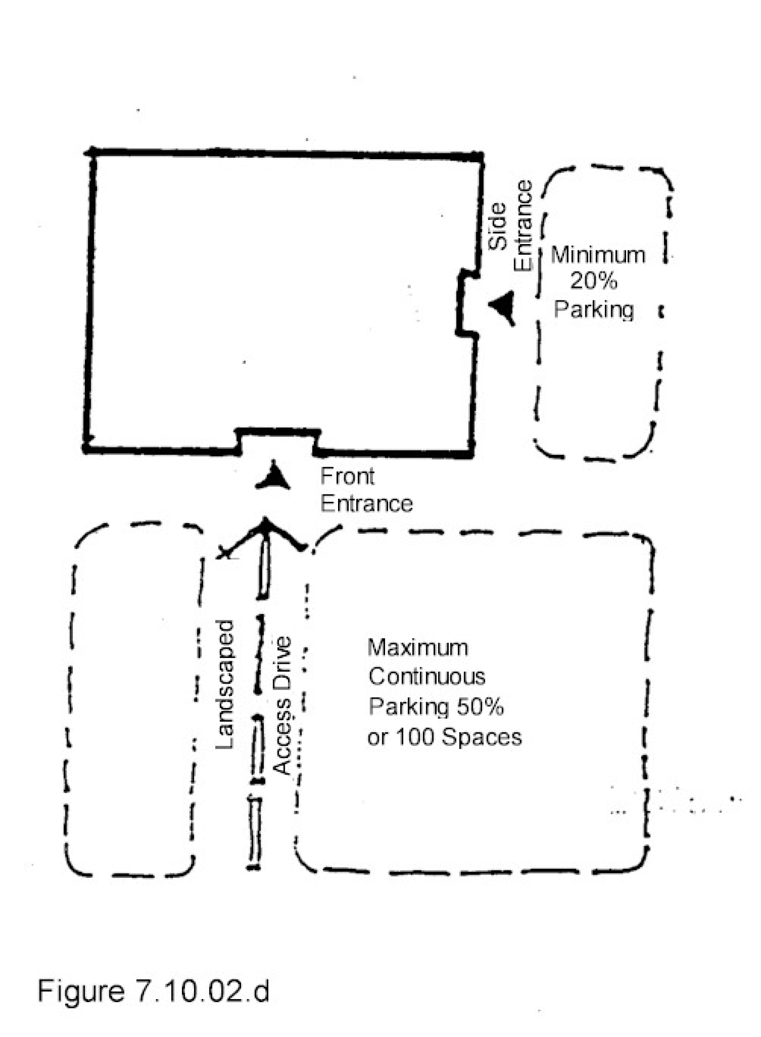 Parking lot design. Vast, unbroken parking lots are prohibited. Parking areas shall be designed so that no more than 100 spaces of the total required spaces are part of a clearly defined grouping of spaces. Such groups shall be broken into individual lots and/or clearly separated by well landscaped or weather-protected pedestrian walkways, significant landscape or geographic features, and/or by design components of the proposed building(s). Separations shall be no less than eight feet in width at any point. No required parking space shall be located further than 500 feet from the nearest customer entrance. At least 20 percent of the required parking spaces shall be placed in the rear or side areas of the proposed development, if feasible, as determined by the administrator. Alternative designs that incorporate existing natural resources are encouraged, subject to approval by the administrator.
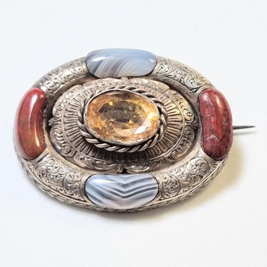 Mid Victorian Scottish Celtic Multi Stone Brooch - No/649
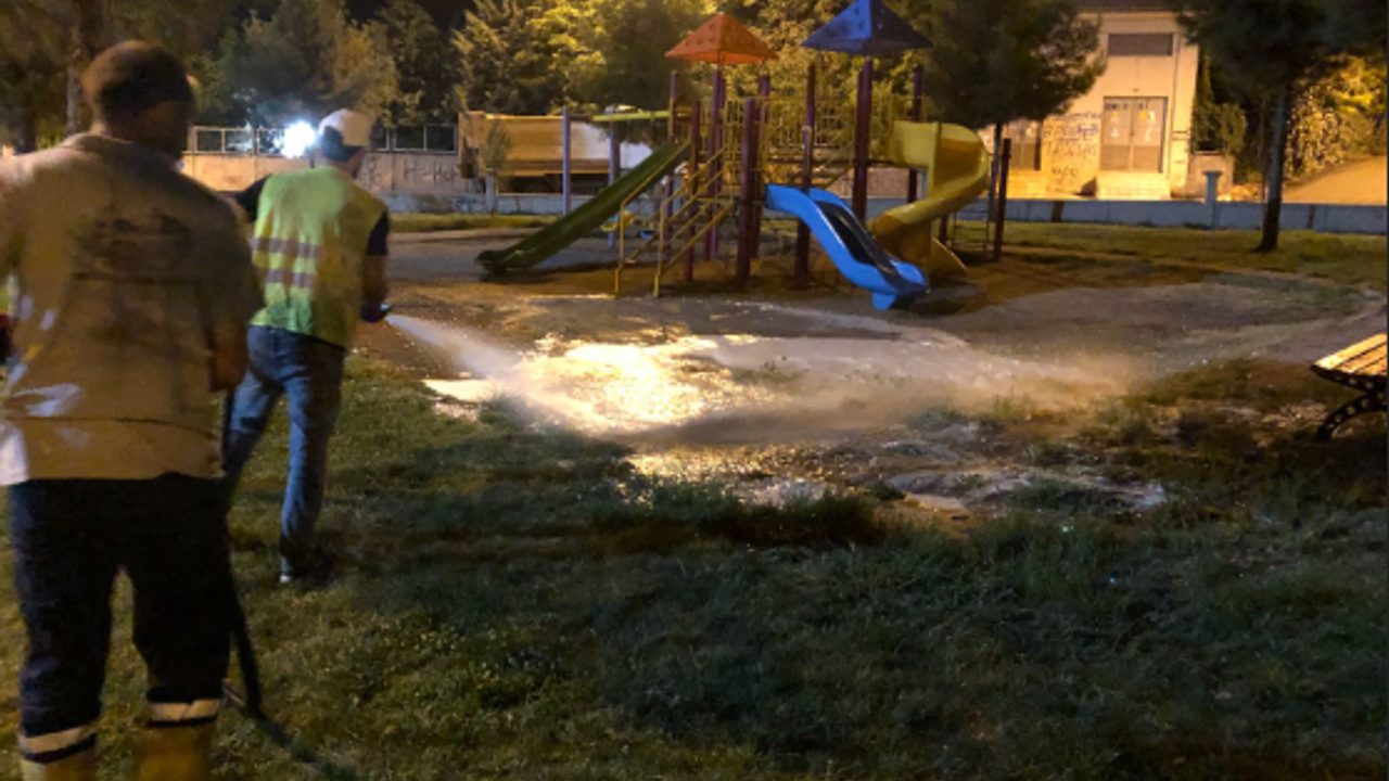 Çocuk parklarında hijyenik koşulların oluşturulması için harekete geçen ekipler Batman'daki tüm oyun parklarını temizliyor.
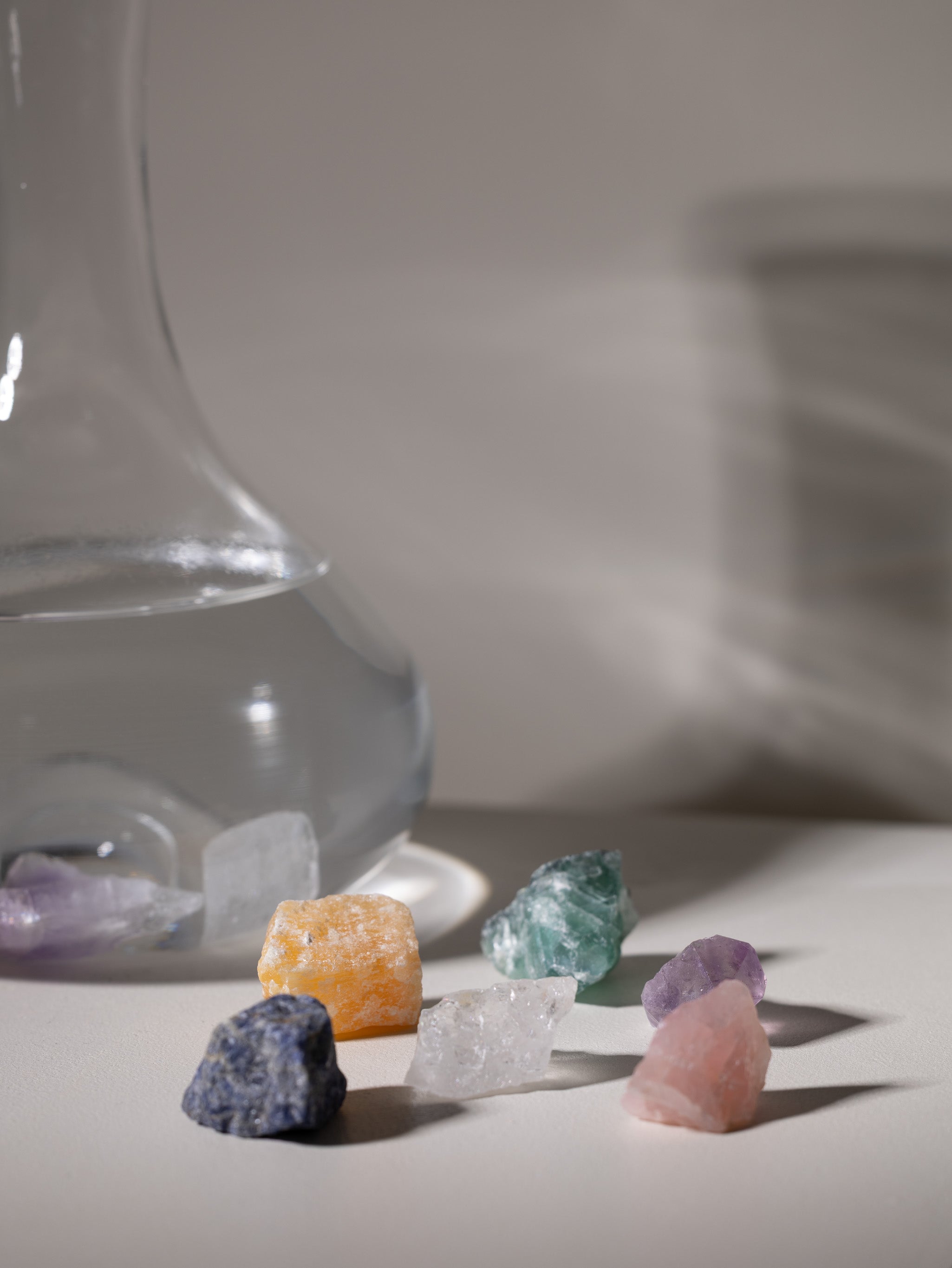 Mit diesen Steinen kannst du ganz einfach dein Trinkwasser energetisieren - gib die Kristalle in eine Glaskaraffe oder deine Trinkflasche und nach 3-5 Stunden ist dein Wasser energetisiert und mineralisch angereichert.
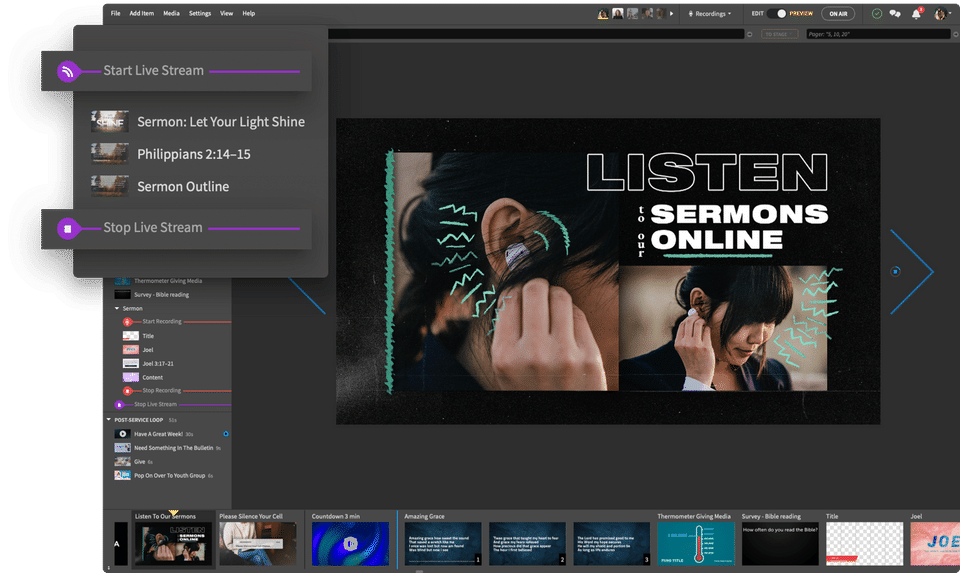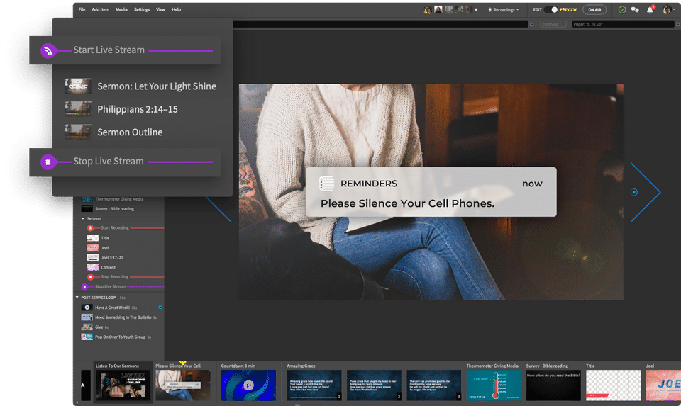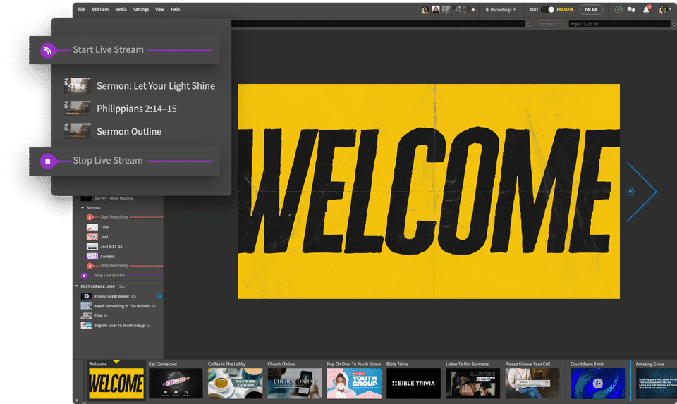 Faithlife Proclaim is the Church Management Software used for the below functionalities.

Exercise goal: Starting at the line that contains "Mid Victorian Scottish", output every line through the end of the data, both ends included, and nothing else; pictures stay out.

Solution to the exercise:
 Mid Victorian Scottish Celtic Multi Stone Brooch - No/649
 Çocuk parklarında hijyenik koşulların oluşturulması için harekete geçen ekipler Batman'daki tüm oyun parklarını temizliyor.
 Mit diesen Steinen kannst du ganz einfach dein Trinkwasser energetisieren - gib die Kristalle in eine Glaskaraffe oder deine Trinkflasche und nach 3-5 Stunden ist dein Wasser energetisiert und mineralisch angereichert.
 Faithlife Proclaim is the Church Management Software used for the below functionalities.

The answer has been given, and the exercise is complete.